CARA Celebrates 35 Years in Style

35th anniversary party held Saturday night in Willis Tower

CARA 35 logo

The 99th floor of the Willis Tower was filled with the who's who of Chicago running on Saturday night, from Chicago's own Hal Higdon, author and marathoner extraordinaire, to Carey Pinkowski, director of the Chicago Marathon, and Wendy Jaehn, director of CARA, the Chicago Area Runners Association. 

It was a celebration in honor of CARA's 35th Anniversary, and in true runners' style, the laughs and the food were both plentiful. Higdon, CARA's training program consultant, joked that his programs have a 99 percent success rate.

"And I say 99 percent because we might have one person trip and fall in [a] pothole," he exclaimed to the crowd. 

CARA director Wendy Jaehn reminded everyone of the organization’s mission, asking, "How can CARA be engaged in the community? How can CARA be the voice of the runner?"

She elaborated on the history of the organization, which few people realize was formed in opposition to policies of what was then called the "Mayor Daley Marathon" -- namely the 1978 price increase from $5 to a whopping $10. 

Things have clearly changed since then, but CARA's goals remain the same. To advocate for the athlete, to engage communities and spread the love of running, and to provide a network of training and support for Chicago runners -- all of these radiated from party-goers on Saturday, as they reflected on how far CARA's come and where they plan to go.

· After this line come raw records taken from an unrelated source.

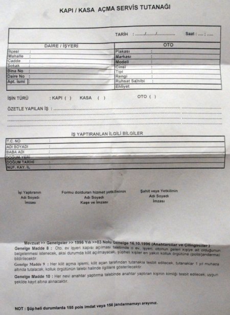 Yaşanan birçok hırsızlık olaylarında, iyi niyetli çilingirlerin kullanılması Emniyeti ve Anahtarcılar Odasını harekete geçirdi. Düzenlenen ‘Kapı/Kasa Açma Tutanağı’ olmadan hiçbir çilingir ev, işyeri, araç veya kasa kapısı açamayacak. Tutanak düzenlettiren kişi, açtırmak istediği yerin kendisine ait olduğunu ispatlamak için bir de kefil bulundurmak zorunda olacak. Kayseri Anahtarcılar ve Saatçiler Odası ile İl Emniyet Müdürlüğü’nün yaptığı ortak çalışmayla art niyetli kişilerin çilingirleri kullanarak kötü emellerine ulaşması engellenecek. Kayseri Emniyet Müdürlüğü Toplum Destekli Polis Memuru Çağlar Avşar, gurbetçilerden, ayrılmaya karar veren çiftlerden ve oto sahiplerinden kendilerinin izni ve bilgisi olmadan evlerinin veya arabalarının açıldığı yönünde çok sayıda şikayet aldıklarını söyledi. Kapı açma konusunda iyi niyetli anahtarcı esnafının kullanıldığını belirlediklerini kaydeden Avşar, “Gurbetçiler memleketlerinde olmadığı zamanlarda hırsızlık yapmak isteyen art niyetli kişiler çilingir getirerek kapıyı açtırıp amaçlarına ulaşabiliyordu. Bunun yanı sıra boşanmaya karar veren veya boşanarak ayrı evlerde yaşayan eşler anahtar değiştirildikten sonra çilingir getirerek kapıyı açtırıp eşyaları boşaltabiliyor. Aynı şekilde araçlarda da buna benzer sorunlar yaşanıyor. Bunların önüne geçebilmek için Kapı/Kasa Açma Tutanağı hazırladık. Kendilerinden ev, işyeri veya araç kapısı açmalarını isteyen çilingirler bu tutanağın doldurulmasını isteyecek. Aynı zamanda bir de kefil isteyecek. Açtırılmak istenen evin veya işyerinin kişiye ait olduğunu ve orada yaşadığına dair şahitlik yapacak. Aksi taktirde çilingirler açılması istenen kapıyı açmayacak.” dedi.Kayseri Anahtarcılar ve Saatçiler Odası Başkanı Mustafa Alan da, özellikle gurbetçilerin maruz kaldığı hırsızlık olaylarına karşı tedbir almak için böyle bir çalışma içerisine girdiklerini söyledi. Gurbetçilerden kendilerine çok sayıda şikayet geldiğine dikkat çeken Alan, “Anahtarcı esnafımız bazen art niyetli kişilerin oyununa gelmiş olabilir, ancak kesinlikle kasıtlı bir iş yapılmamıştır. Sadece vatandaşa yardımcı olma düşüncesiyle hareket edilmiştir. Bundan sonra hazırlanan tutanak sayesinde hem vatandaşlarımız mağdur olmayacak hem de esnafımız. Gurbetçi vatandaşlarımız yılın büyük bir bölümünde memleketlerinde olmadıkları için bu tür hırsızlık olaylarıyla karşı karşıya kalabiliyorlardı. Ancak bundan sonra alınan önlemlerle böyle bir olay yaşanmayacak.” açıklamasını yaptı. CİHAN
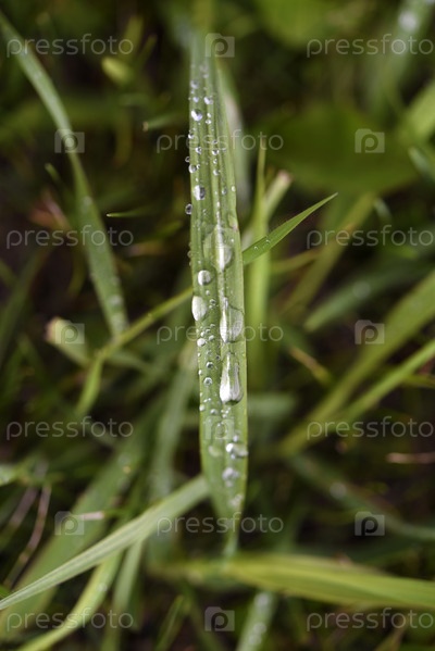 Капли дождя на листьях. Роса на растениях. Растения после дождя
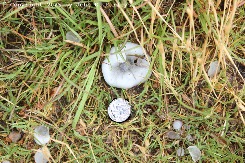 Once I knew that the northern storm was dying and the southern one was now the dominant storm and likely to stay that way, my mission was to try to catch up with it without getting caught in giant hail. Normally when you are behind a storm that is not easy, but in this case the movement of the storm was only around 10 to 15 mph to the east-southeast, and I had a pretty good road network including some roads that ran NW-SE, so I thought it might be possible, and it turned out it was. I heard about a large tornado north of Morton, which turned out to be probably the most spectacular tornado of the day, and unfortunately I missed that one. I was not terribly far from it, but being on the back side of the storm there was way too much rain to have any good chance to see it. But I kept trying to catch up, and eventually it worked. In the meantime, as I crossed the storm's path behind it heading southward, I encountered a lot of leaves stripped off trees, and then some big hailstones in Maple, TX. I stopped briefly and photographed a couple 2.5-inch hailstones:

When CARA formed, women were scarce in the field of competition, and those that did participate were commonly referred to as “runaway wives,” Jaehn shared. But according to Higdon, now 60 percent of half-marathon participants are female. And this increase in the Chicago area is in large part due to CARA’s advocacy efforts, training programs, and initiatives over the last 35 years.

Pinkowski reflected on his aspirations for future endeavors, saying of the now solid partnership between CARA and the Chicago Marathon, “We’ll continue to grow those relationships and keep the running culture here. We hope it can continue for many, many years in the future.”